Le texte de clôture (cf. pp. 185-202) traduit durement le mensonge de la guerre, la façon dont tous les Américains jetés dans la gueule de l’Afghanistan ont en quelque sorte été dupés, voire complices de ce marasme, et ce quel que soit leur statut ou leur quotient d’intelligence, qu’ils fussent soldats comme presque tous les personnages du livre ou journaliste comme le narrateur de cette bouleversante péroraison. Tous ont été plus ou moins conquis par «la vieille magie des drapeaux et des discours patriotiques» (7), par l’appel du sang qui soulage les pulsions les plus archaïques, et tous ont compris que les égouts à ciel ouvert de Kaboul, recouvrant la ville de «particules fécales suspendues comme de la brume» (p. 194), n’étaient en définitive que le reflet scatologique de leur présence en Asie Centrale. Il a fallu un attentat dans un café où il se délassait pour que le journaliste prenne tout à coup conscience des méfaits accomplis : «J’avais tant pris à ces gens, à leur pays, à cette guerre. J’avais pris et pris et pris […]. Je me sentais faux» (p. 201). Est-ce là une forme de confession de Luke Mogelson ? Ou s’agit-il plutôt d’un manque de déontologie criant que Luke Mogelson ne voudrait nullement observer chez un journaliste ? Il va de soi que les indiscrétions, les tentations d’enjoliver ou les ambitions forcenées du scoop ne devraient jamais pouvoir émerger quand la première mission du journalisme, pendant ce type de guerre, devrait consister à fournir aux lecteurs toutes les pièces à conviction à dessein de condamner les autorités qui envoient des milliers d’hommes commettre des injustices au nom de la Pax Americana.

Notes
(1) Éditions Gallmeister (2018). Traduction de Juliane Nivelt.

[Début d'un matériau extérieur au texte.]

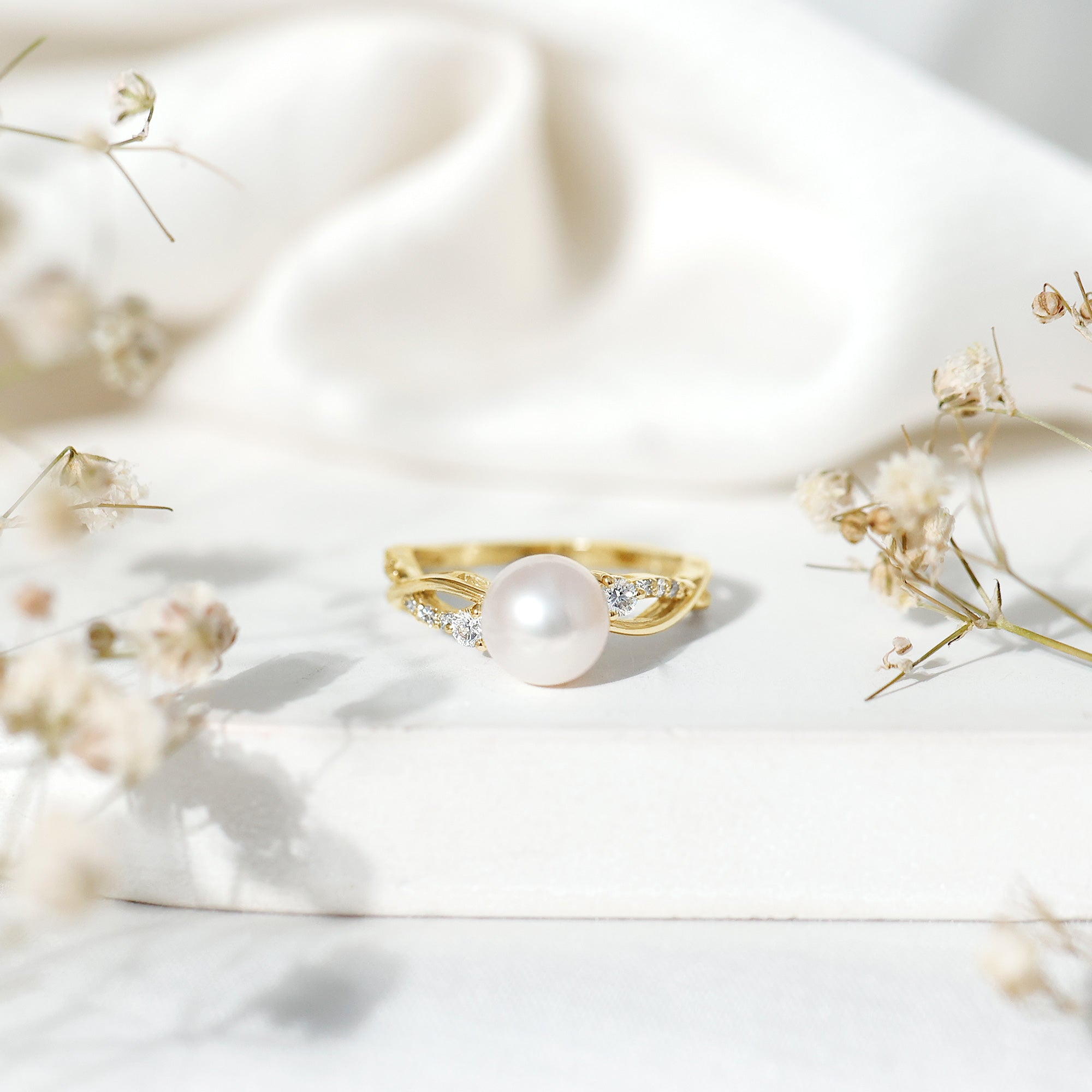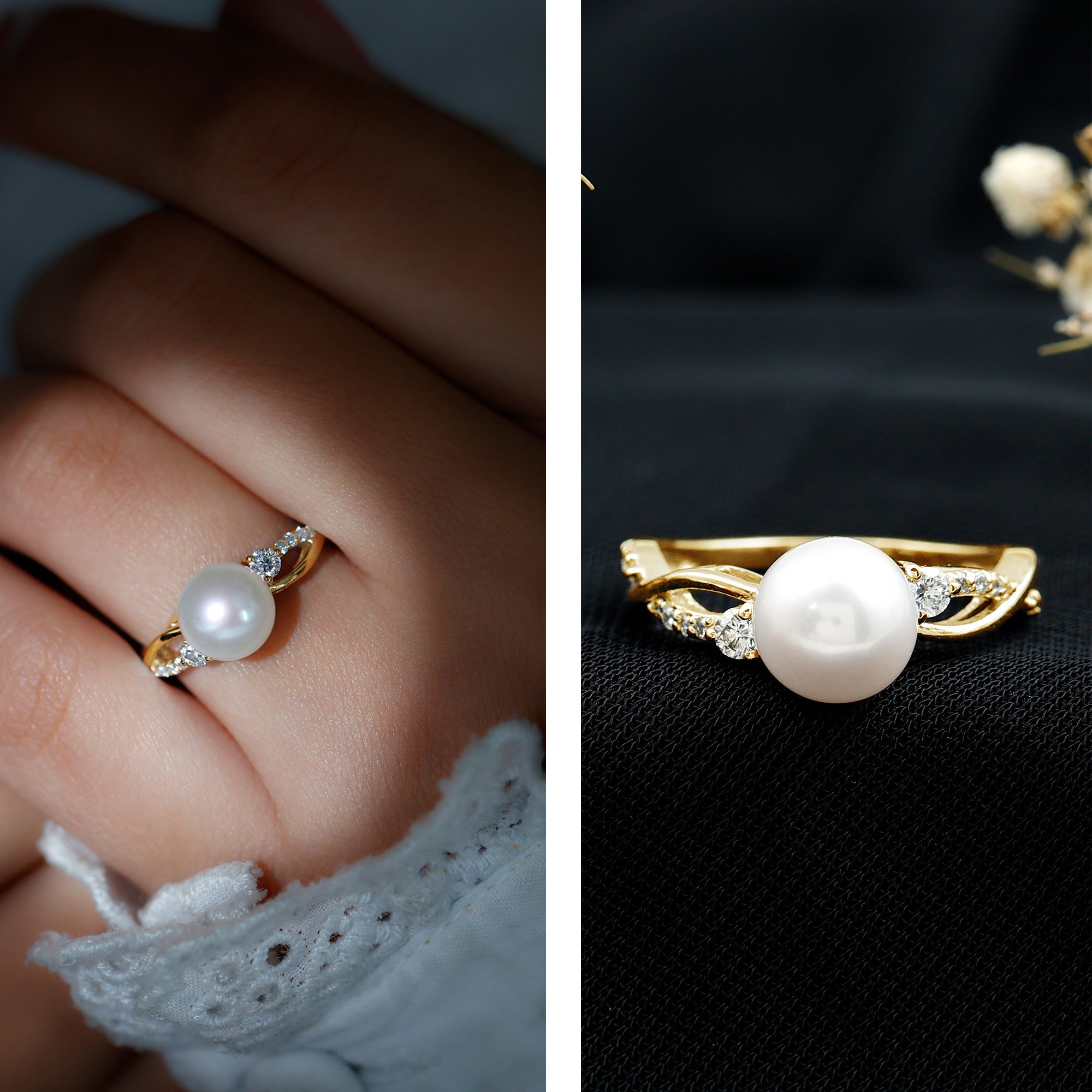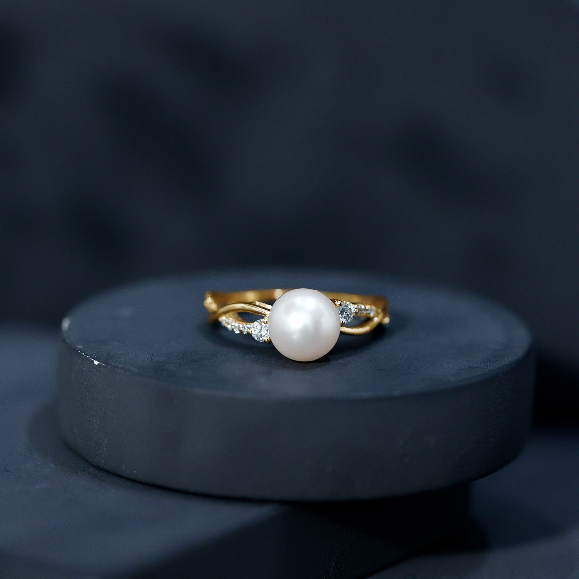 Elevate your style with the shimmering charm of this Freshwater Pearl Solitaire Ring. Its unique design features a crossover shank adorned with a dazzling Round Diamond securely set in a Prong Setting, enhancing the beauty of the pearl. This Pearl Ring is the perfect gift for those born in June, celebrating their special day with elegance and grace.

(2) Cf. Le normal et le pathologique.
(3) Cf. Hannah Arendt, Du mensonge à la violence (chapitre 1 : Du mensonge en politique, réflexions sur les documents du Pentagone).
(4) Jules Michelet, La France devant l’Europe (1871).
(5) Cf. Grégoire Chamayou, Théorie du drone (La Fabrique, 2013).
(6) Michelet, op. cit.
(7) Stefan Zweig, Le monde d’hier.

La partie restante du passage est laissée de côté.